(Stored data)
*-*-*

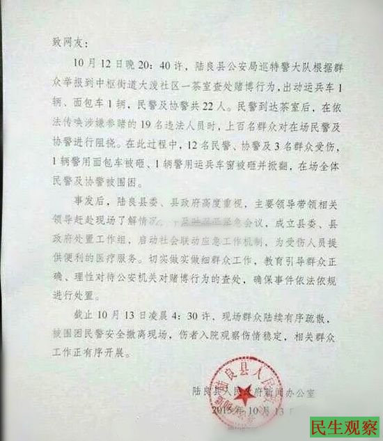 事后,当地政府对外宣称事件系因公安局在查处赌博行为时遭到上百名群众阻挠所引发,对此,村民“_揩脚帕丶”表示:你真是抓赌博的人吗?,你们去到那里直接抓其中一个人,这个人还是大泼树人民代表其中一个,他一个人能赌博起来?
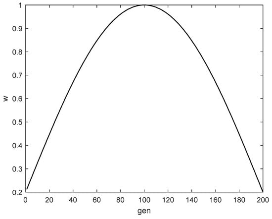 In traditional CHOA, the position of the attacker is very critical to finding the optimal solution. Other chimpanzees in the population change based on the location of the attackers. When the attackers fall into the local optimum, the population will also fall into the local optimum. In this study, the sine–cosine operator is added to the attacker’s position change, and a nonlinear learning factor (see Figure 5 for the value of 200 iterations) is introduced. The formula for the nonlinear learning factor and the sine–cosine operator is as follows:
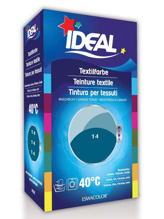 Teinture textile pour rafraîchir et teindre le coton, le lin, la jute et la viscose. La couleur résiste au lavage et la machine reste propre. Indépendamment de la dose de couleur, ajoutez toujours 500g de sel de cuisine par cycle de lavage. Grâce aux couleurs Ideal, vous pouvez recolorer vos vêtements, accessoires, linge de lit ou rafraîchir les couleurs.
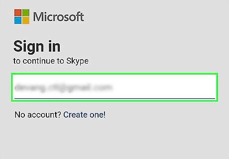 Enter your Skype email address. Tap the text field in the middle of the screen, then type in the email address that you use to log into Skype.
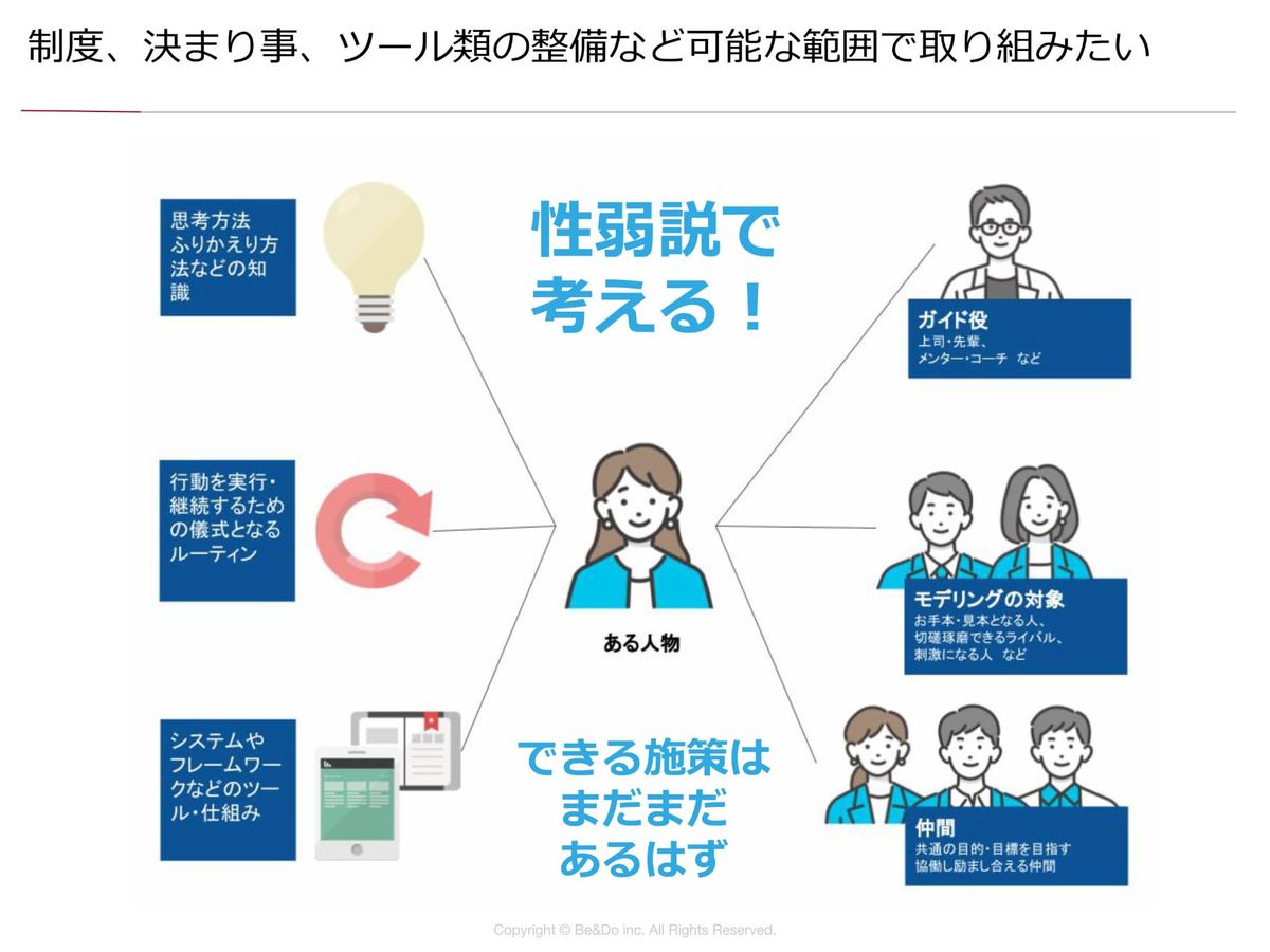 なので、性弱説を前提にすることと、心のエネルギーをプラスにする関わり方・思考法を掛け合わせて施策を考えていただきたいなと思います。
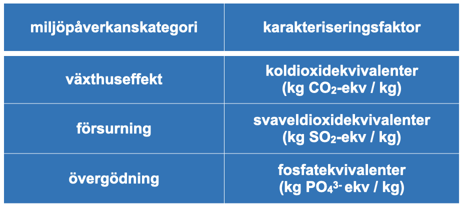 Steg 1 – Mål och omfattningDet första steget inleds med att bestämma målet med livscykelanalysen. Det gäller att besvara frågor som varför studien görs, vem den vänder sig till och hur resultaten skall användas. Här anges också vilka avgränsningar som krävs och vilka antaganden som måste göras. I vårt exempel med påsarna kan frågeställningen vara att ta reda på om plastkassen eller papperskassen är det bästa valet ur miljösynpunkt. Ett antagande kan vara att trycket på plastkassen eller papperskassen ger samma miljöpåverkan oberoende av vilken typ av påse det är. En avgränsning kan vara att bara titta på svenskproducerade påsar. I en livscykelanalys värderas all miljöbelastning per funktionell enhet. Den funktionella enheten är ett mått på den ”nytta” som den studerade produkten levererar. Detta måste bestämmas innan analysen kan göras. I exemplet med plastkasse och papperskassen kan den funktionella enheten vara att bära hem en viss mängd matvaror från affären. En papperskasse är ju till exempel oftast större än en plastkasse. Ett annat exempel kan vara att analysera miljöbelastningen för olika sätt att producera el. Då kan den funktionella enheten vara 1 kWh elenergi. Om syftet är att jämföra olika typer av färg kan den funktionella enheten vara kvadratmeter målad yta. I det första steget bestäms också var och hur studien ska avgränsas. Oftast görs en livscykelanalys från ”vagga till grav”, det vill säga från utvinningen av råvarorna från naturen tills att de inte längre används av människor utan lämnar systemet i form av avgaser eller avfall. Dessutom bestäms för vilket geografiskt område och för vilken tidsperiod som livscykelanalysen gäller. Produkter tillverkas på olika sätt i olika delar av världen och olika platser är olika känsliga för utsläpp som påverkar miljön. Ofta produceras flera olika produkter i samma process, samtidigt som den förbrukar resurser och leder till utsläpp. Ett exempel är ett kraftvärmeverk som producerar både el och värme. Det är då inte självklart hur användningen av resurser och utsläpp ska fördelas mellan de olika produkterna som producerats. Denna fördelning kallas för allokering. Det går att allokera resurser antingen efter fysiska samband eller utifrån det ekonomiska värdet. Ett fysiskt samband kan vara massa eller energiinnehåll. Vid tillverkning av plastpåsar behöver allokering göras i oljeraffinaderiet där flera olika produkter produceras samtidigt som råvarorna till plastpåsen. Steg 2 - InventeringsanalysI inventeringsanalysen kartläggs allt material och all energi som används under produktens livscykel. Vad är det som behövs och hur mycket? När detta är klart gäller det att samla in information om vilken miljöpåverkan detta har. För att få fram tillförlitlig information används databaser som innehåller uppgifter om ett stort antal processer och olika produkters miljöpåverkan. Även information om miljöpåverkan från transporter och drivmedel är enkelt att få fram. Steg 3 - MiljöpåverkansbedömningEfter inventeringsanalysen finns en stor mängd information insamlad kring alla utsläpp som en produkt ger upphov till och hur mycket resurser den förbrukar. Det kan vara ganska svårt att bedöma vilken information som är viktig ur miljösynpunkt och som bidrar mest till produktens miljöpåverkan. Först sorteras informationen utifrån vilken typ av miljöpåverkan det gäller. Några exempel är försurning, övergödning och växthuseffekt. Denna indelning är baserad på naturvetenskapliga samband. Vi vet till exempel att koldioxid bidrar till den ökande växthuseffekten. Denna sortering kallas för klassificering. Efter klassificeringen görs en karakterisering. Det innebär att alla utsläpp som har en viss miljöpåverkan räknas om med hjälp av en karakteriseringsfaktor. För påverkan på växthuseffekten jämförs alla utsläpp av växthusgaser med koldioxid. Koldioxid har karakteriseringsfaktorn 1. Alla utsläpp som påverkar växthuseffekten räknas då om till koldioxidekvivalenter med hjälp av sin karakteriseringsfaktor. Olika växthusgaser påverkar växthuseffekten olika mycket. Ett exempel är metan som har ungefär 25 gånger starkare påverkan på växthuseffekten jämfört med koldioxid. Det betyder att ett kilogram metan påverkar klimatet 25 gånger mer än ett kilogram koldioxid. Därför multipliceras utsläppen av metan med 25. På samma vis mäts försurning som kilogram svaveldioxidekvivalenter. Svaveldioxid är en gas som leder till försurning. Övergödning mäts som kilogram fosfatekvivalenter. Fosfatjoner leder till övergödning.
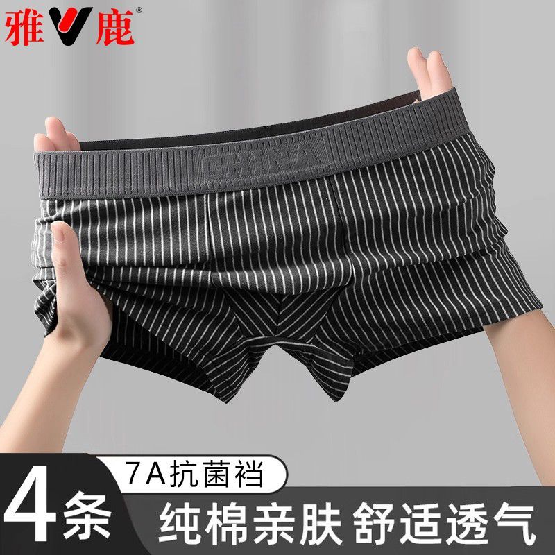 雅鹿男士内裤纯棉条纹中腰四角裤青年高档透气平角短裤头抑菌透气
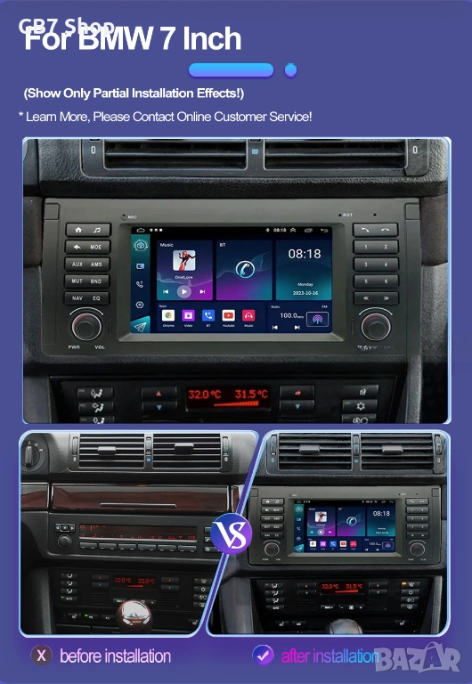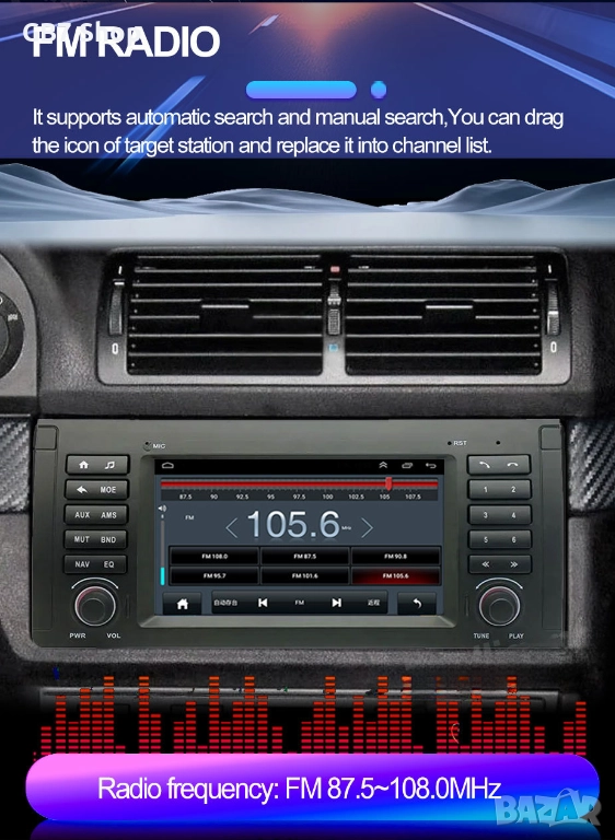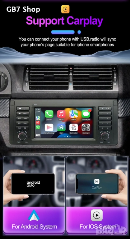 Мултимедия за BMW 5 E39 и BMW X5 E53 2Din 7-инчa *Android|Carplay | Bluetooth |GPS навигация |
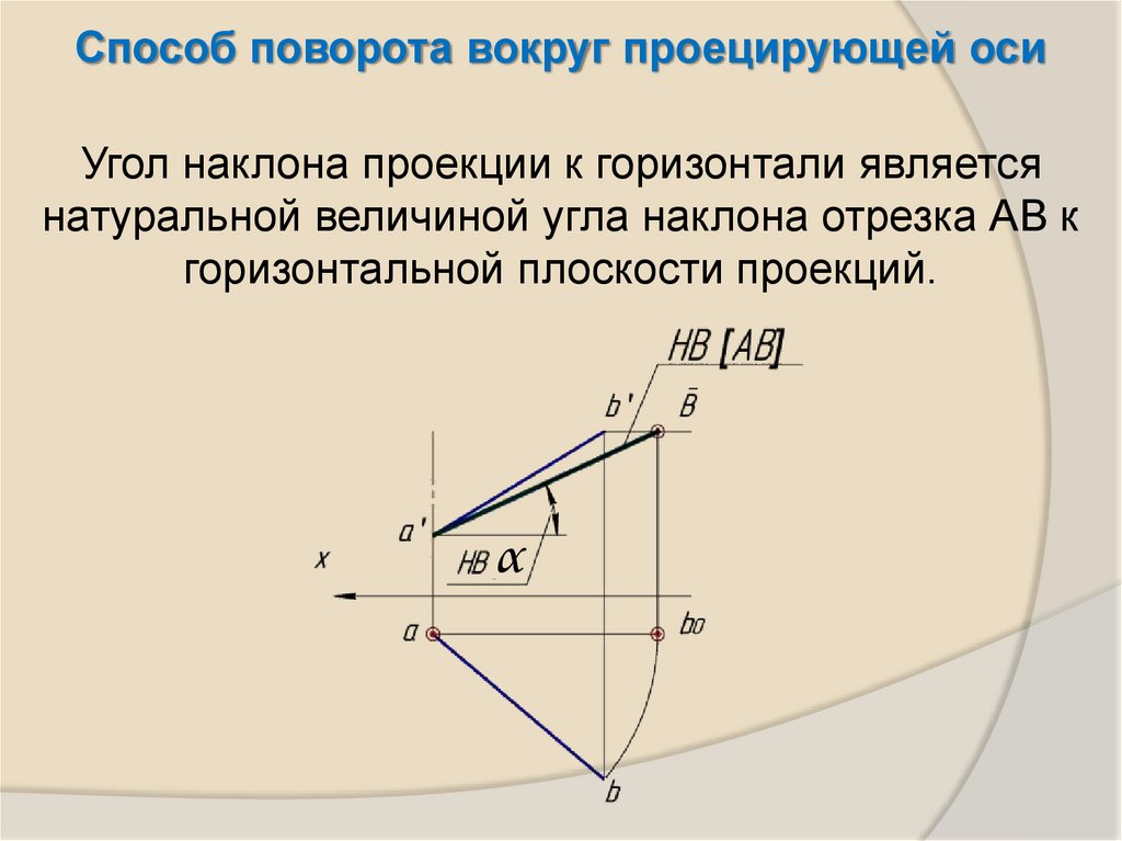 Способ поворота вокруг проецирующей осиУгол наклона проекции к горизонтали является
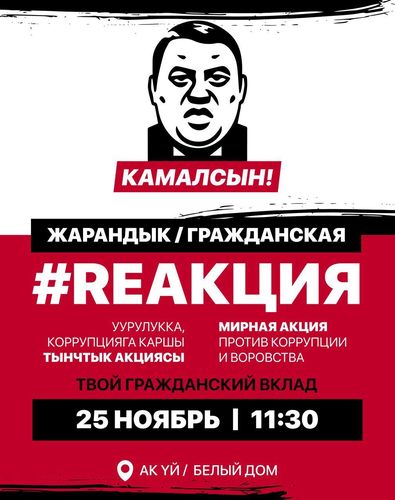 Мирные акции против коррупции пройдут в Бишкеке и Караколе. Митинг запланирован на 25 ноября, начало в 11.30, в столице Кыргызстана — у здания «Белого дома», в Караколе — возле обладминистрации.

*-*-*

What is being asked:
Output a faithful copy of the data, with each picture left out.

The answer:
 事后,当地政府对外宣称事件系因公安局在查处赌博行为时遭到上百名群众阻挠所引发,对此,村民“_揩脚帕丶”表示:你真是抓赌博的人吗?,你们去到那里直接抓其中一个人,这个人还是大泼树人民代表其中一个,他一个人能赌博起来?
 In traditional CHOA, the position of the attacker is very critical to finding the optimal solution. Other chimpanzees in the population change based on the location of the attackers. When the attackers fall into the local optimum, the population will also fall into the local optimum. In this study, the sine–cosine operator is added to the attacker’s position change, and a nonlinear learning factor (see Figure 5 for the value of 200 iterations) is introduced. The formula for the nonlinear learning factor and the sine–cosine operator is as follows:
 Teinture textile pour rafraîchir et teindre le coton, le lin, la jute et la viscose. La couleur résiste au lavage et la machine reste propre. Indépendamment de la dose de couleur, ajoutez toujours 500g de sel de cuisine par cycle de lavage. Grâce aux couleurs Ideal, vous pouvez recolorer vos vêtements, accessoires, linge de lit ou rafraîchir les couleurs.
 Enter your Skype email address. Tap the text field in the middle of the screen, then type in the email address that you use to log into Skype.
 なので、性弱説を前提にすることと、心のエネルギーをプラスにする関わり方・思考法を掛け合わせて施策を考えていただきたいなと思います。
 Steg 1 – Mål och omfattningDet första steget inleds med att bestämma målet med livscykelanalysen. Det gäller att besvara frågor som varför studien görs, vem den vänder sig till och hur resultaten skall användas. Här anges också vilka avgränsningar som krävs och vilka antaganden som måste göras. I vårt exempel med påsarna kan frågeställningen vara att ta reda på om plastkassen eller papperskassen är det bästa valet ur miljösynpunkt. Ett antagande kan vara att trycket på plastkassen eller papperskassen ger samma miljöpåverkan oberoende av vilken typ av påse det är. En avgränsning kan vara att bara titta på svenskproducerade påsar. I en livscykelanalys värderas all miljöbelastning per funktionell enhet. Den funktionella enheten är ett mått på den ”nytta” som den studerade produkten levererar. Detta måste bestämmas innan analysen kan göras. I exemplet med plastkasse och papperskassen kan den funktionella enheten vara att bära hem en viss mängd matvaror från affären. En papperskasse är ju till exempel oftast större än en plastkasse. Ett annat exempel kan vara att analysera miljöbelastningen för olika sätt att producera el. Då kan den funktionella enheten vara 1 kWh elenergi. Om syftet är att jämföra olika typer av färg kan den funktionella enheten vara kvadratmeter målad yta. I det första steget bestäms också var och hur studien ska avgränsas. Oftast görs en livscykelanalys från ”vagga till grav”, det vill säga från utvinningen av råvarorna från naturen tills att de inte längre används av människor utan lämnar systemet i form av avgaser eller avfall. Dessutom bestäms för vilket geografiskt område och för vilken tidsperiod som livscykelanalysen gäller. Produkter tillverkas på olika sätt i olika delar av världen och olika platser är olika känsliga för utsläpp som påverkar miljön. Ofta produceras flera olika produkter i samma process, samtidigt som den förbrukar resurser och leder till utsläpp. Ett exempel är ett kraftvärmeverk som producerar både el och värme. Det är då inte självklart hur användningen av resurser och utsläpp ska fördelas mellan de olika produkterna som producerats. Denna fördelning kallas för allokering. Det går att allokera resurser antingen efter fysiska samband eller utifrån det ekonomiska värdet. Ett fysiskt samband kan vara massa eller energiinnehåll. Vid tillverkning av plastpåsar behöver allokering göras i oljeraffinaderiet där flera olika produkter produceras samtidigt som råvarorna till plastpåsen. Steg 2 - InventeringsanalysI inventeringsanalysen kartläggs allt material och all energi som används under produktens livscykel. Vad är det som behövs och hur mycket? När detta är klart gäller det att samla in information om vilken miljöpåverkan detta har. För att få fram tillförlitlig information används databaser som innehåller uppgifter om ett stort antal processer och olika produkters miljöpåverkan. Även information om miljöpåverkan från transporter och drivmedel är enkelt att få fram. Steg 3 - MiljöpåverkansbedömningEfter inventeringsanalysen finns en stor mängd information insamlad kring alla utsläpp som en produkt ger upphov till och hur mycket resurser den förbrukar. Det kan vara ganska svårt att bedöma vilken information som är viktig ur miljösynpunkt och som bidrar mest till produktens miljöpåverkan. Först sorteras informationen utifrån vilken typ av miljöpåverkan det gäller. Några exempel är försurning, övergödning och växthuseffekt. Denna indelning är baserad på naturvetenskapliga samband. Vi vet till exempel att koldioxid bidrar till den ökande växthuseffekten. Denna sortering kallas för klassificering. Efter klassificeringen görs en karakterisering. Det innebär att alla utsläpp som har en viss miljöpåverkan räknas om med hjälp av en karakteriseringsfaktor. För påverkan på växthuseffekten jämförs alla utsläpp av växthusgaser med koldioxid. Koldioxid har karakteriseringsfaktorn 1. Alla utsläpp som påverkar växthuseffekten räknas då om till koldioxidekvivalenter med hjälp av sin karakteriseringsfaktor. Olika växthusgaser påverkar växthuseffekten olika mycket. Ett exempel är metan som har ungefär 25 gånger starkare påverkan på växthuseffekten jämfört med koldioxid. Det betyder att ett kilogram metan påverkar klimatet 25 gånger mer än ett kilogram koldioxid. Därför multipliceras utsläppen av metan med 25. På samma vis mäts försurning som kilogram svaveldioxidekvivalenter. Svaveldioxid är en gas som leder till försurning. Övergödning mäts som kilogram fosfatekvivalenter. Fosfatjoner leder till övergödning.
 雅鹿男士内裤纯棉条纹中腰四角裤青年高档透气平角短裤头抑菌透气
 Мултимедия за BMW 5 E39 и BMW X5 E53 2Din 7-инчa *Android|Carplay | Bluetooth |GPS навигация |
 Способ поворота вокруг проецирующей осиУгол наклона проекции к горизонтали является
 Мирные акции против коррупции пройдут в Бишкеке и Караколе. Митинг запланирован на 25 ноября, начало в 11.30, в столице Кыргызстана — у здания «Белого дома», в Караколе — возле обладминистрации.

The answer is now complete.